# Construction PE doing Structural work?



## txtech (Aug 12, 2010)

In Texas, can a guy with a PE license (Construction discipline) legally design and sign off on structural designs for buildings if he has the knowledge to do the design but did not take the PE license in structural or civil discipline?


----------



## JonBoy (Aug 24, 2010)

txtech said:


> In Texas, can a guy with a PE license (Construction discipline) legally design and sign off on structural designs for buildings if he has the knowledge to do the design but did not take the PE license in structural or civil discipline?


What kind of buildings?


----------



## Santiagj (Aug 24, 2010)

In Maryland its okay to do that if you are practicing in your field of expertise. For example, I'm mainly a structures guy but I passed the geotechnical PE. I design specialty steel structures for the power industry. I have very little experience with residential/commercial design and timber and prestressed concrete so I felt disadvantaged with the structures test. I am also strong in geotech so I went down that path. I have no problem stamping foundation, firewall, steel drawings that I believe I have expertise in. If he is in a similar situation and Texas has similar rules then he is okay in my opinion.
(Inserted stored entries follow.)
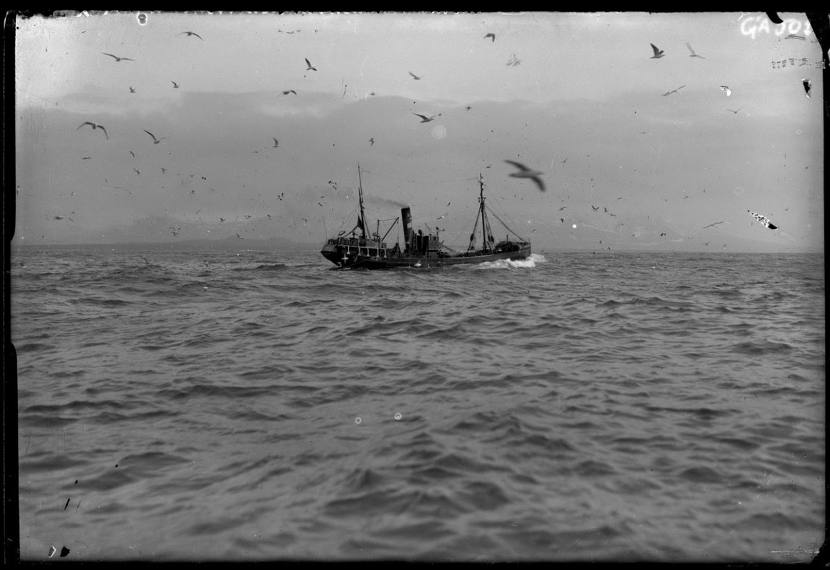 Togari á siglingu. Á honum má lesa hluta af skráningarnúmeri: "RE 27..." Fuglar á flugi. Fjöll í móðu í bakgrunni.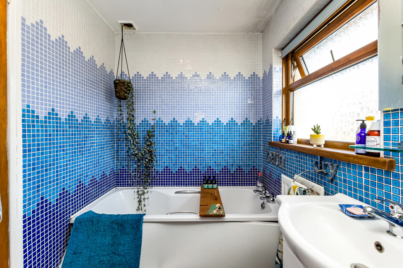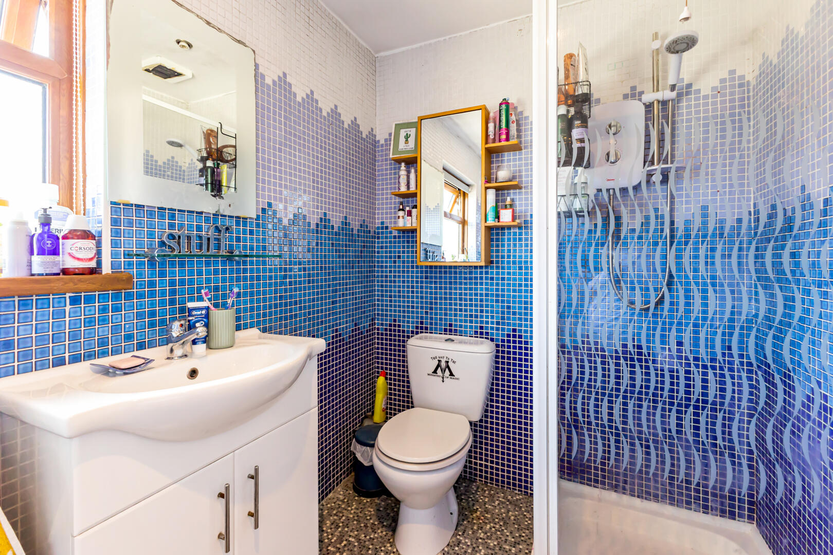 Bathroom - 5'6" x 8'6" - Fully tiled walls, outlook to rear, recessed spot lighting, bath with chrome taps, low flush WC, vanity unit with chrome mixer tap, shower enclosure with Redring Glow electric shower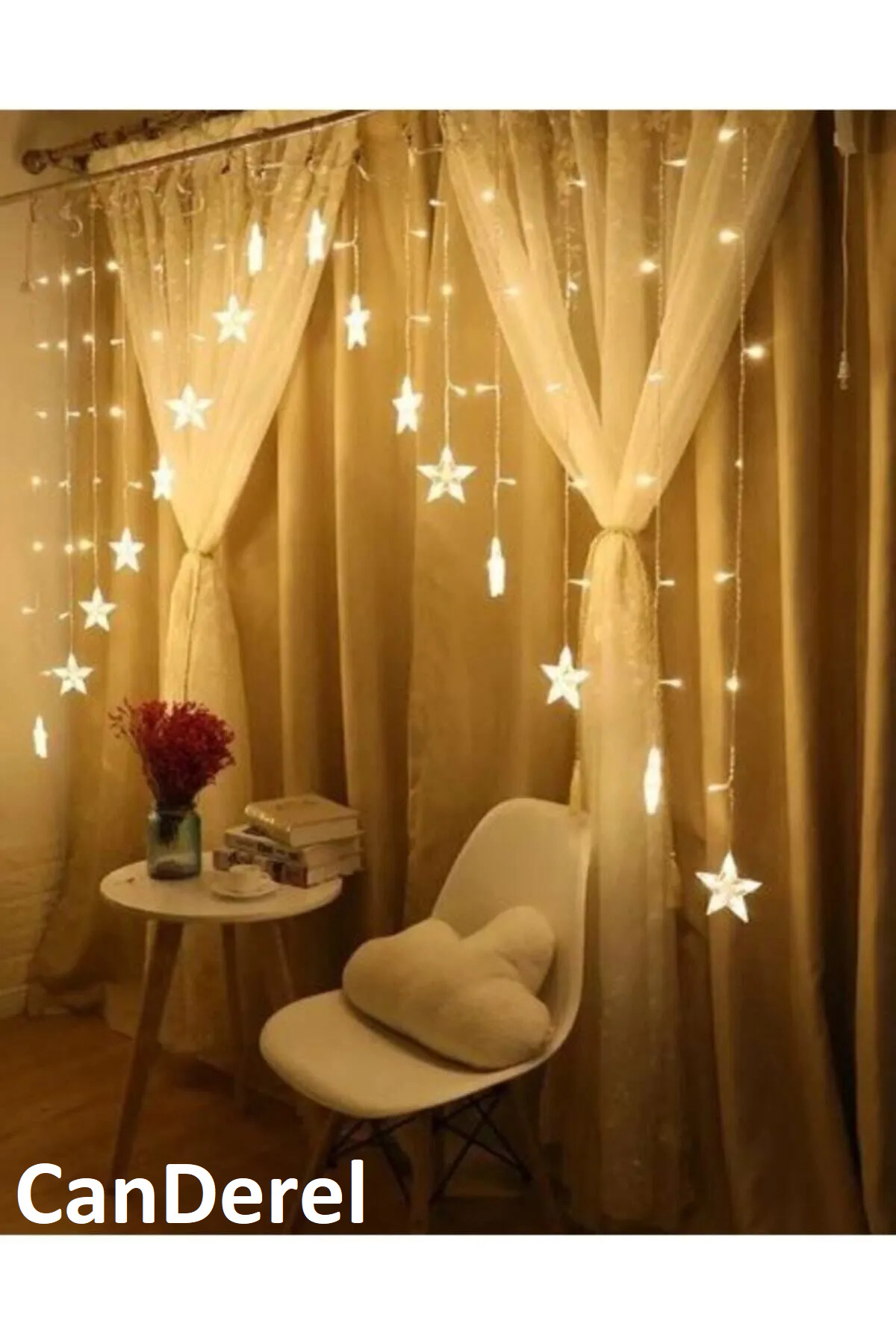 Canderel Saçaklı 8 Mod Yıldız Perde Led Gün Işığı Animosyonlu Çarpraz Led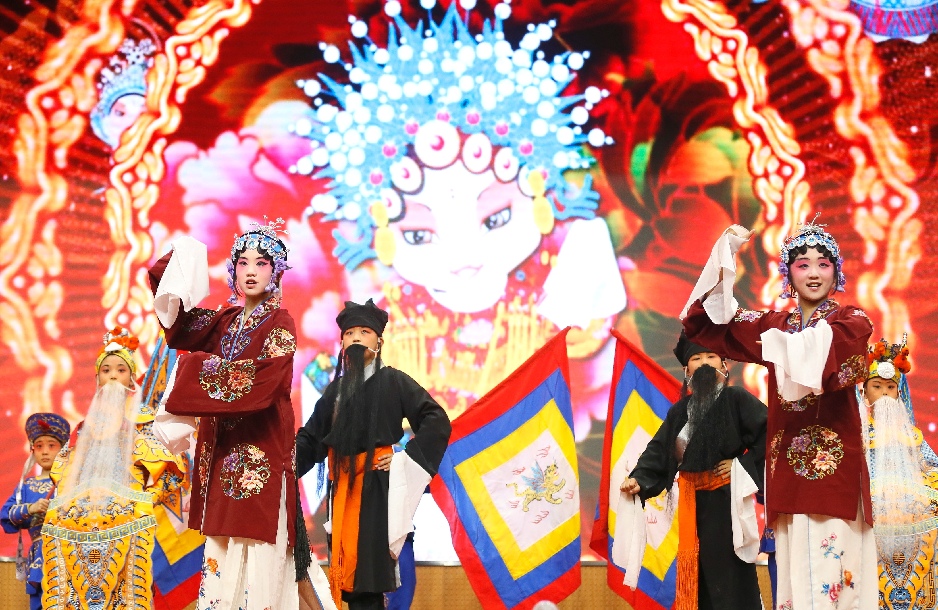 Students perform Peking Opera during a campus Peking Opera festival in Tongji Experimental School in Qingdao, east China's Shandong Province, May 30, 2019. (Xinhua/Liang Xiaopeng)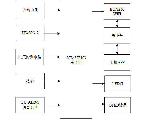 如图2-2所示为展示柜灯光控制系统的硬件组成,主控制器采用STM32F103单片机,光照检测采用光敏电阻,人体检测采用HC-SR312,故障检测采用电压检测电路,语音识别采用LU-ASR01模块,液晶采用OLED12864,WiFi采用ESP8266,上位机采用手机和云平台。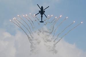 (260201) -- SINGAPUR, 1 febrero, 2026 (Xinhua) -- Un helicóptero AH-64D Apache de la Real Fuerza Aérea de la República de Singapur realiza una presentación durante la vista previa para medios de la edición 10 del Salón Aeronáutico, en Singapur, el 1 de febrero de 2026. El salón aeronáutico se celebrará del 3 al 8 de febrero en Singapur. (Xinhua/Then Chih Wey) (oa) (ah)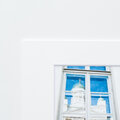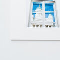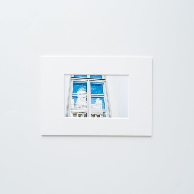 フィンランド国立図書館の窓に映るヘルシンキ大聖堂。青い空のなかに浮かび上がる白い建築は、静けさを伴いながらも厳かな佇まいをしています。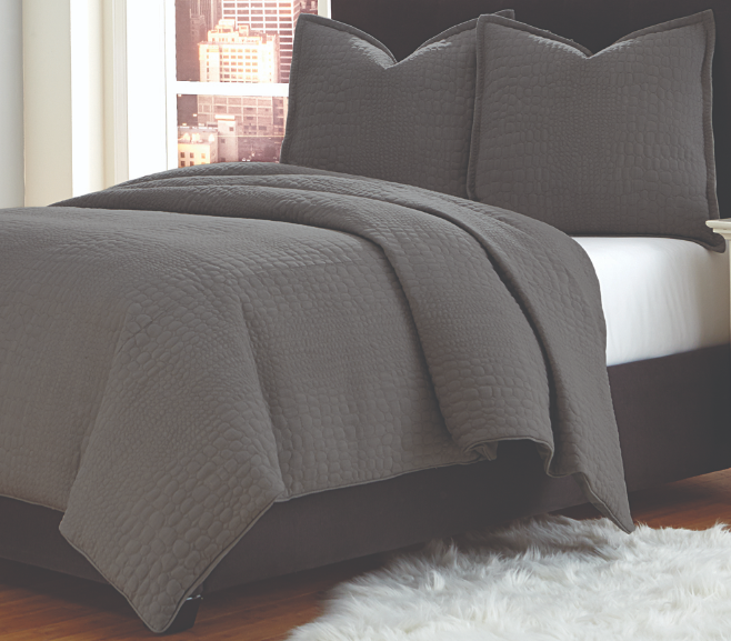The Trent coverlet/duvet set is the perfect layering piece or alternative bed cover for a fresh solid look! The pebble embroidery stitch pattern brings a subtle touch of texture without overwhelming the room, while the soft gray tone pairs easily with existing styles and decor.Read More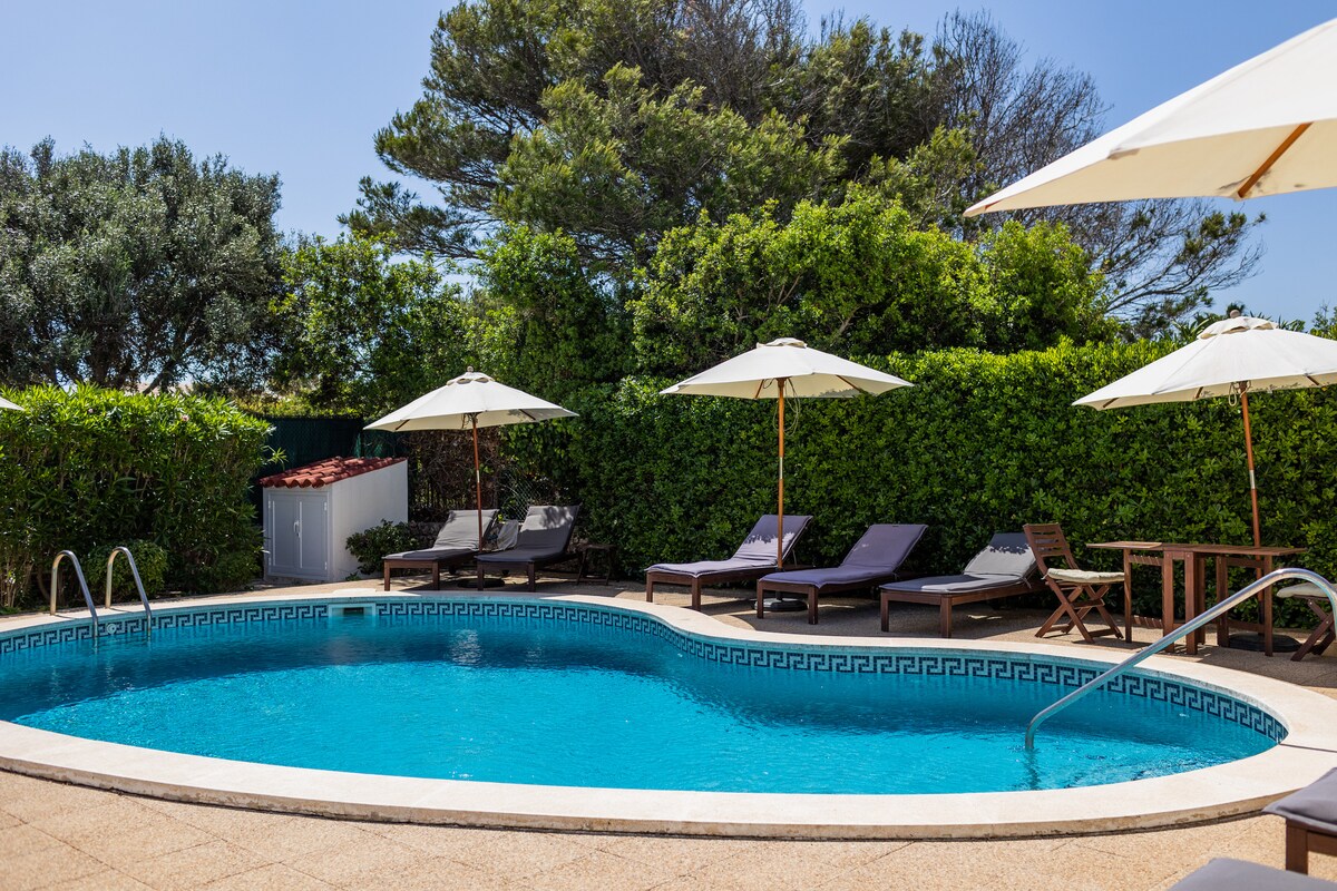 Villa menorquina tradicional completamente reformada con jardín privado y piscina. Esta villa, que goza de una ubicación privilegiada en el Paseo Marítimo y que ha sido reformada con un alto nivel en todas partes, es una opción perfecta. La parcela con vistas parciales al mar está rodeada de jardines recién ajardinados, setos maduros y una gran puerta eléctrica de madera maciza para mayor privacidad. Hay 2 supermercados a 3 minutos a pie, el mar (rocas y calas) a 2 minutos y la playa de Binibeca a 10 minutos a pie.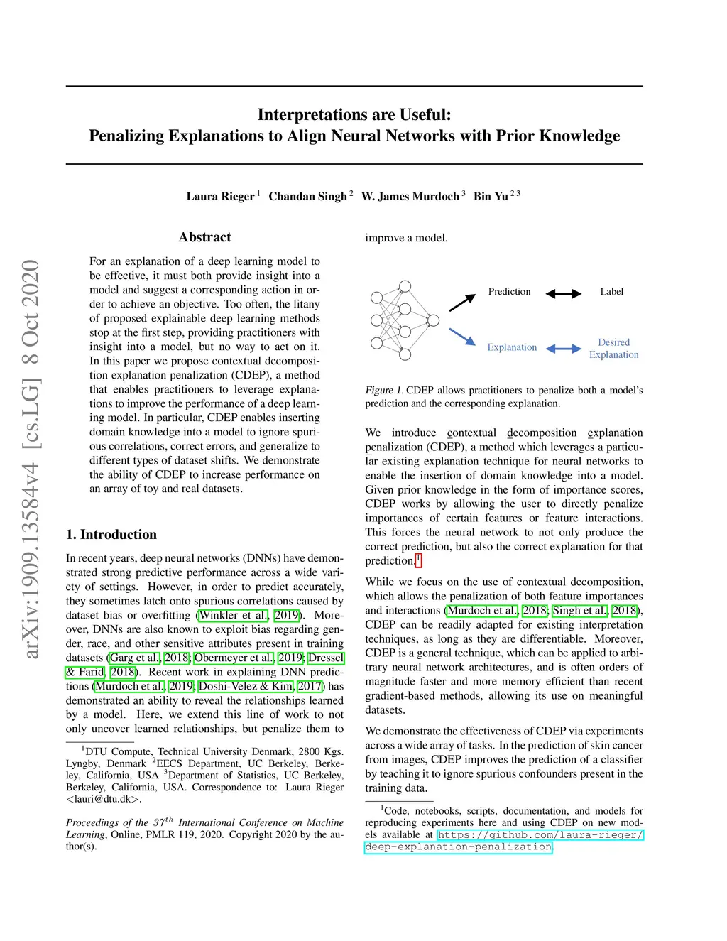For an explanation of a deep learning model to be effective, it must provide both insight into a model and suggest a corresponding action in order to achieve some objective. Too often, the litany of proposed explainable deep learning methods stop at the first step, providing practitioners with insight into a model, but no way to act on it. In this paper, we propose contextual decomposition explanation penalization (CDEP), a method which enables practitioners to leverage existing explanation methods in order to increase the predictive accuracy of deep learning models. In particular, when shown that a model has incorrectly assigned importance to some features, CDEP enables practitioners to correct these errors by directly regularizing the provided explanations. Using explanations provided by contextual decomposition (CD) (Murdoch et al., 2018), we demonstrate the ability of our method to increase performance on an array of toy and real datasets.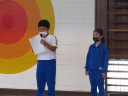 児童会を中心として、「おあしすさ」運動と「ひまわりプロジェクト」についての説明がありました。また、図書委員会から図書室の新しいコーナーについての紹介がありました。児童朝会の発表は、とても分かりやすく、素晴らしかったです。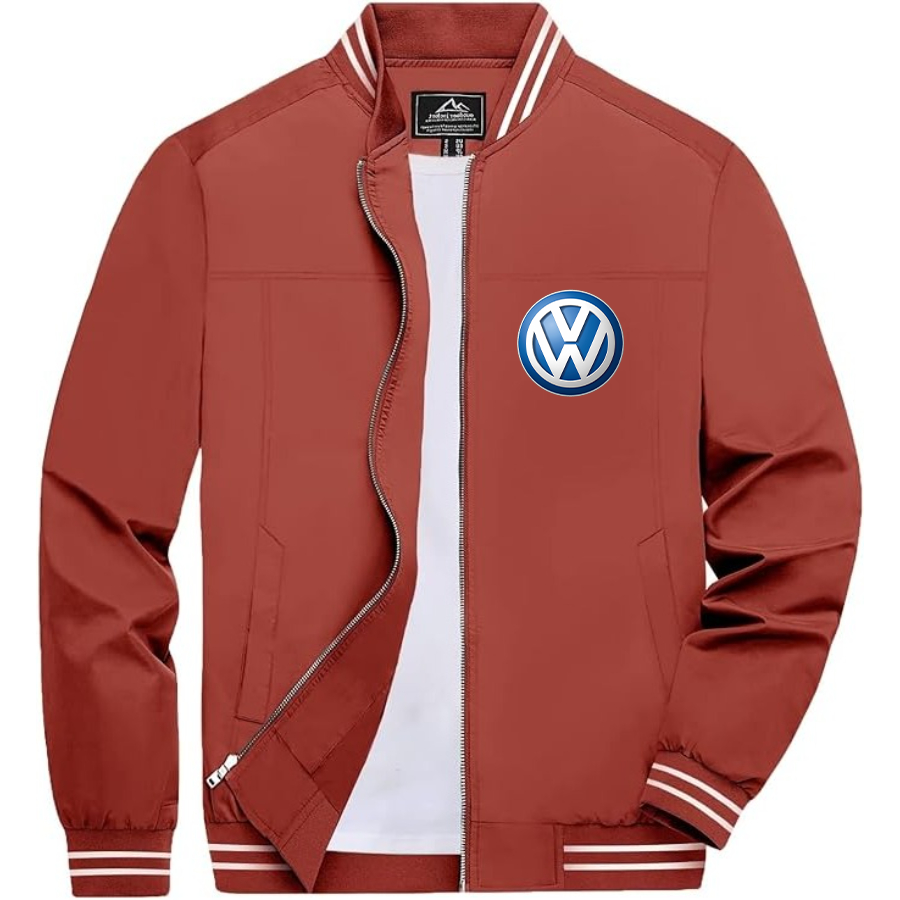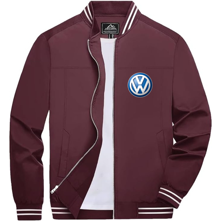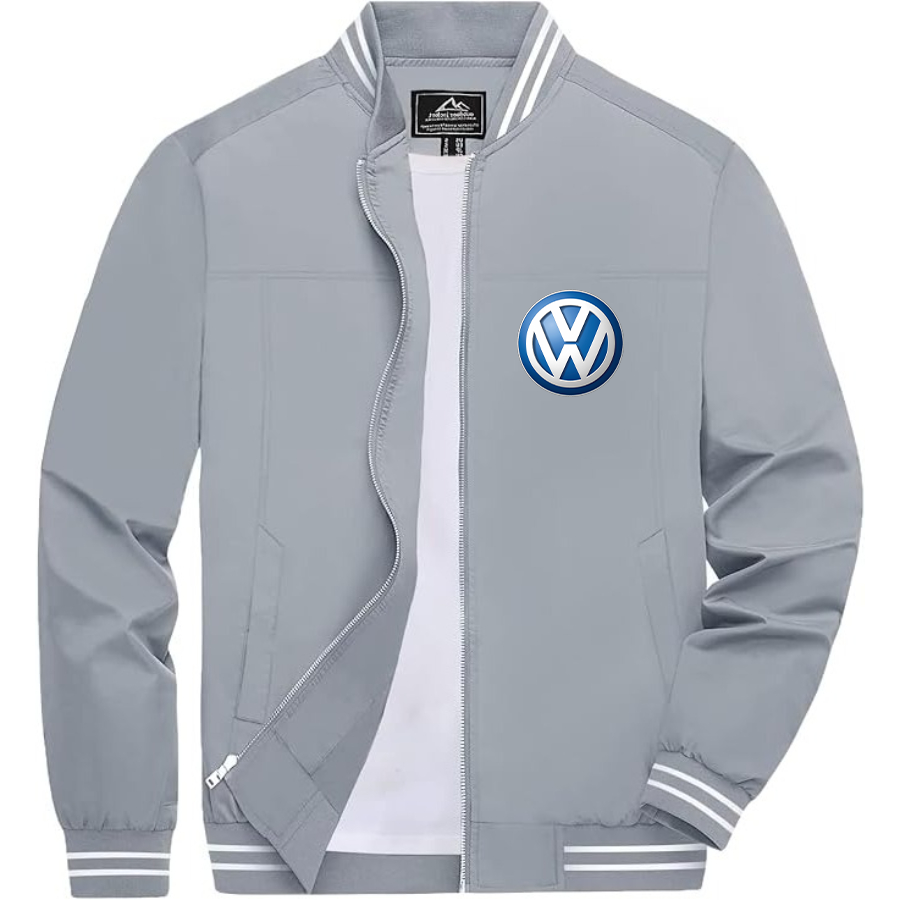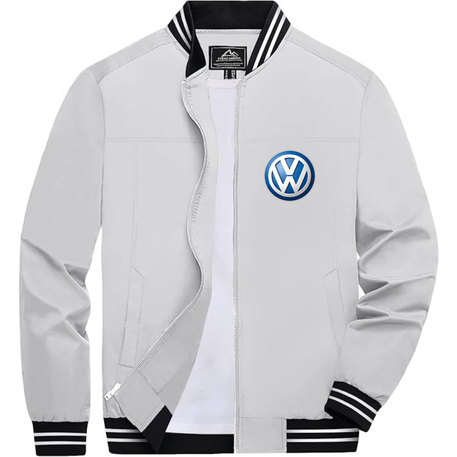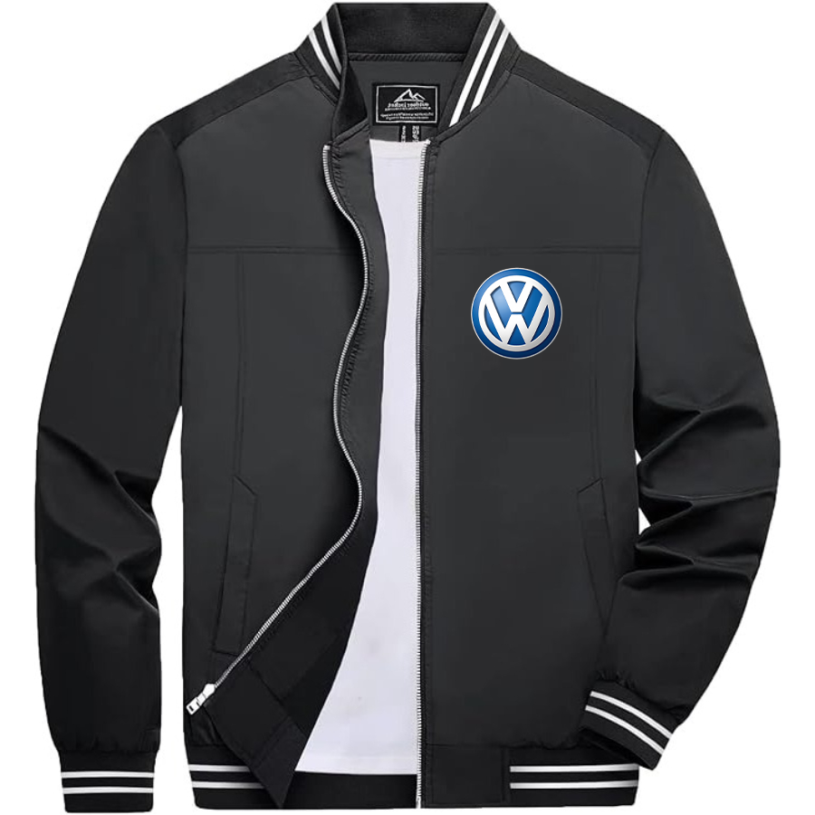 Men’s VW Volkswagen Car Lightweight Zip-Up Bomber Jacket with Ribbed Collar and Cuffs - Versatile Casual Outerwear

One thing to note though is that the construction PE is a civil discipline in Maryland. They have to take the civil general in the morning and take the construction depth in the afternoon. There is also an issue with PE versus SE. In Maryland a PE can stamp drawings for buildings up to 4 stories high. If it is higher than that than an SE (structural engineer) has to stamp them. The PE and SE tests are two different tests.


----------